ASSIGNMENT: The whole listing below needs to be duplicated exactly, pictures aside.

AVAILABLE DATA:
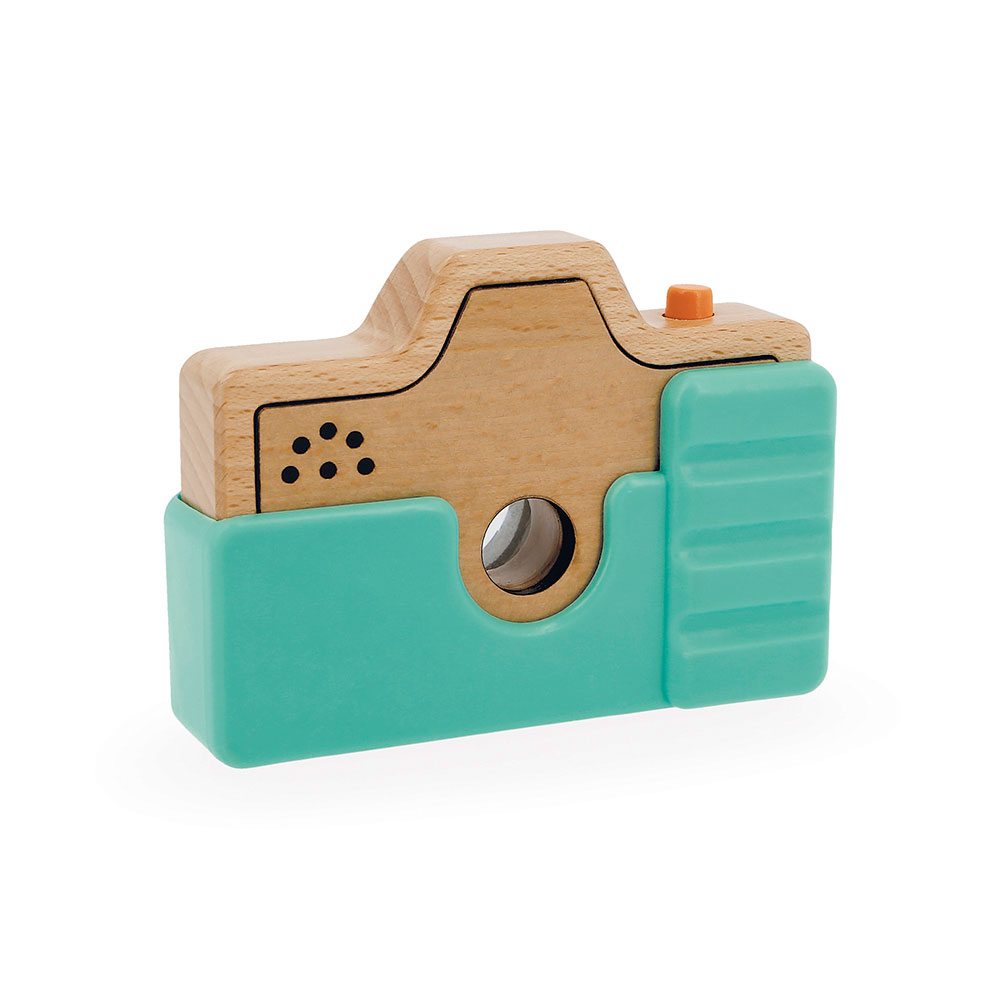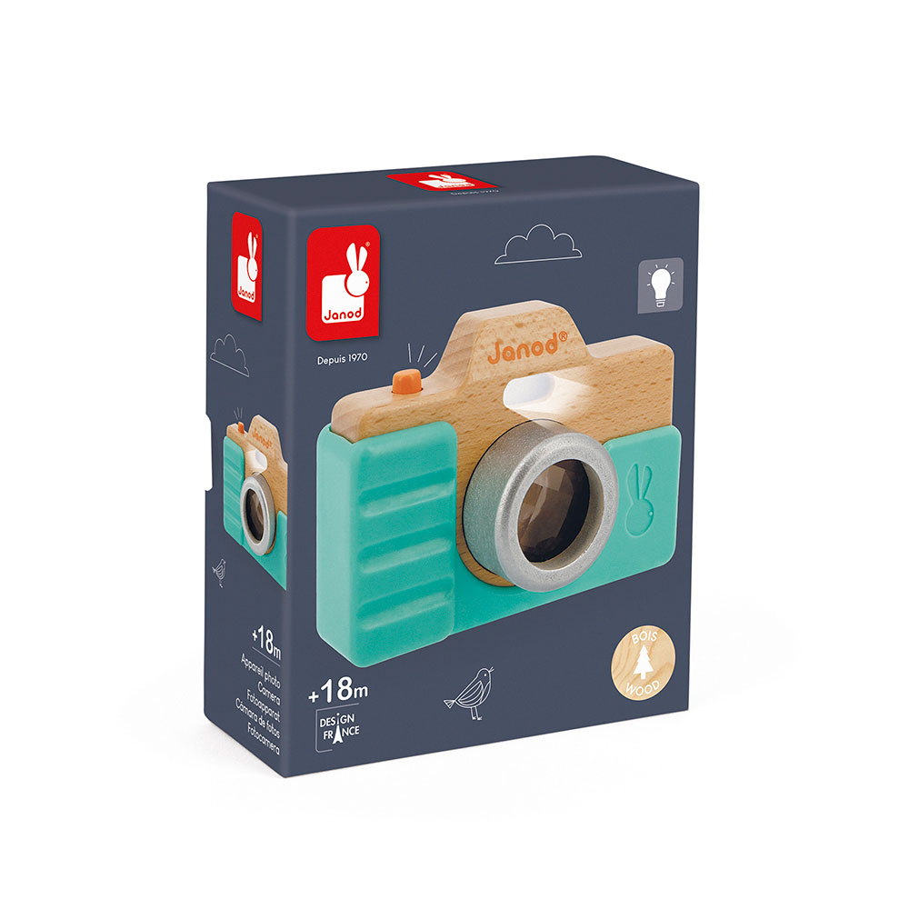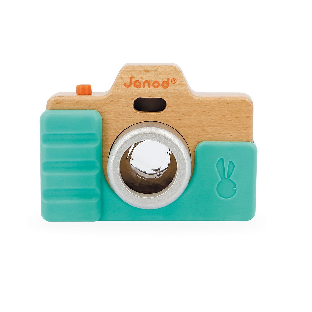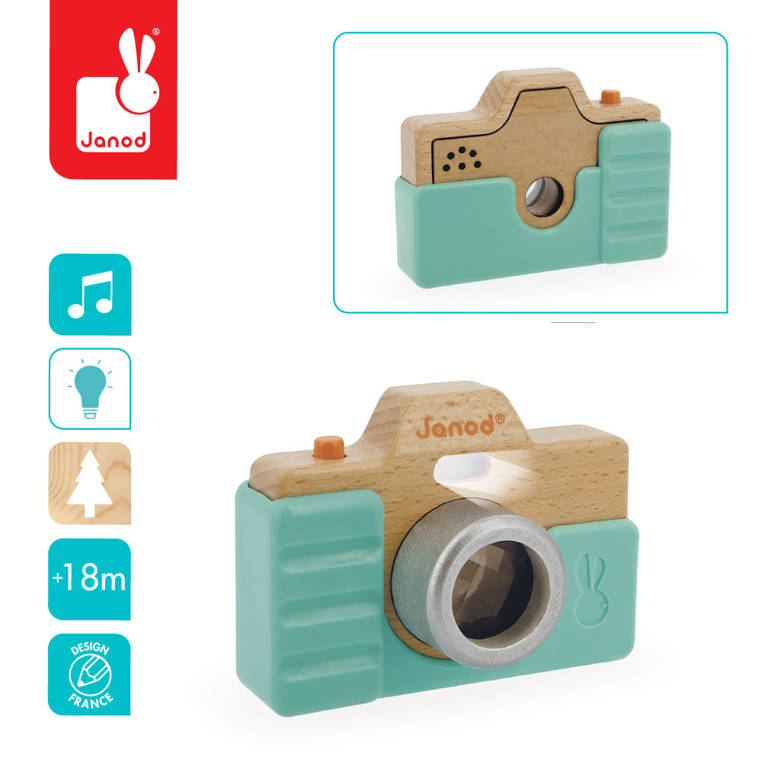 Drewniany aparat od JANOD to idealny prezent dla małego fana fotografii. Został bardzo estetycznie wykonany, z dbałością o wszystkie detale. Ma zdejmowaną silikonową obudowę w kolorze jasno turkusowym, obracany obiektyw-kalejdoskop, spust migawki, którego naciśnięcie wywołuje charakterystyczny dla prawdziwego aparatu dźwięk, a nawet lampę błyskową. W zestawie załączone są 3 baterie LR44.
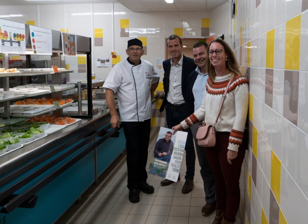 Tout d’abord auprès des plus jeunes, au moment du repas. En effet, le mardi 11 octobre ce sont près de 1200 élèves de la Communauté de Communes du Pays de Meslay-Grez qui ont pu profiter d’un repas 100% local. Les JA et la Chambre d’agriculture ont soumis aux chefs de cuisine des établissements une liste de producteurs locaux auprès desquels ils pouvaient se fournir. Certains cuisiniers ont même précisé que grâce à cette action, ils découvraient des fournisseurs locaux avec lesquels ils souhaiteraient travailler plus régulièrement.
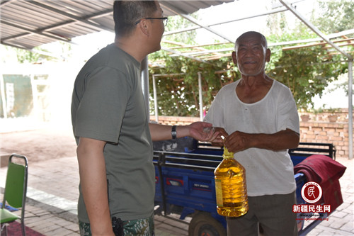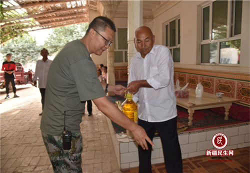 新疆民生网(韩升)2019年8月11日,自治区税务局驻尤古买希勒克(30)村工作队在古尔邦节来临之际,采购清油等慰问品看望村里的11名老党员。
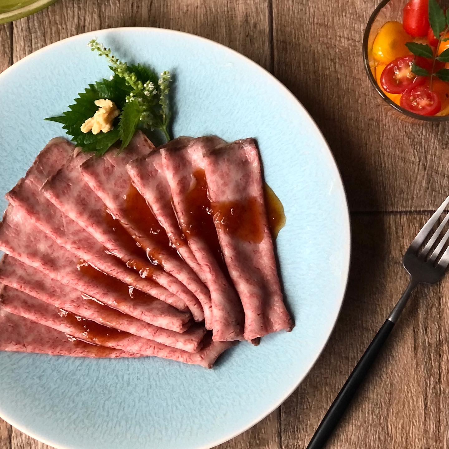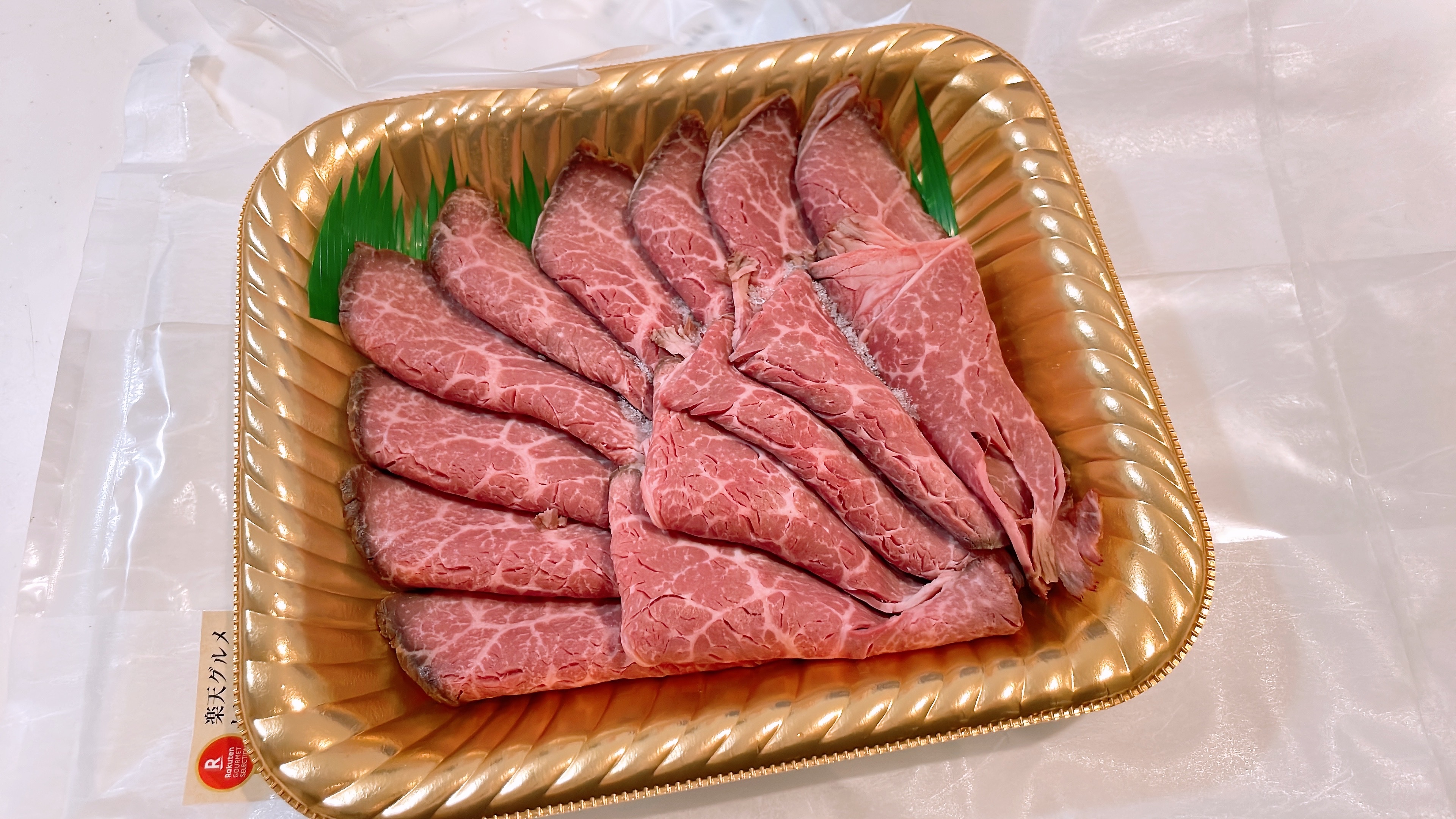 国産黒毛和牛の赤身肉を使用し、薄くスライスされたものが、冷凍された状態で届くので、冷蔵庫で解凍してお皿に並べれば、それだけでご馳走としてテーブルに出すことができます。

OUTPUT FOR THIS EXERCISE:
 Drewniany aparat od JANOD to idealny prezent dla małego fana fotografii. Został bardzo estetycznie wykonany, z dbałością o wszystkie detale. Ma zdejmowaną silikonową obudowę w kolorze jasno turkusowym, obracany obiektyw-kalejdoskop, spust migawki, którego naciśnięcie wywołuje charakterystyczny dla prawdziwego aparatu dźwięk, a nawet lampę błyskową. W zestawie załączone są 3 baterie LR44.
 Tout d’abord auprès des plus jeunes, au moment du repas. En effet, le mardi 11 octobre ce sont près de 1200 élèves de la Communauté de Communes du Pays de Meslay-Grez qui ont pu profiter d’un repas 100% local. Les JA et la Chambre d’agriculture ont soumis aux chefs de cuisine des établissements une liste de producteurs locaux auprès desquels ils pouvaient se fournir. Certains cuisiniers ont même précisé que grâce à cette action, ils découvraient des fournisseurs locaux avec lesquels ils souhaiteraient travailler plus régulièrement.
 新疆民生网(韩升)2019年8月11日,自治区税务局驻尤古买希勒克(30)村工作队在古尔邦节来临之际,采购清油等慰问品看望村里的11名老党员。
 国産黒毛和牛の赤身肉を使用し、薄くスライスされたものが、冷凍された状態で届くので、冷蔵庫で解凍してお皿に並べれば、それだけでご馳走としてテーブルに出すことができます。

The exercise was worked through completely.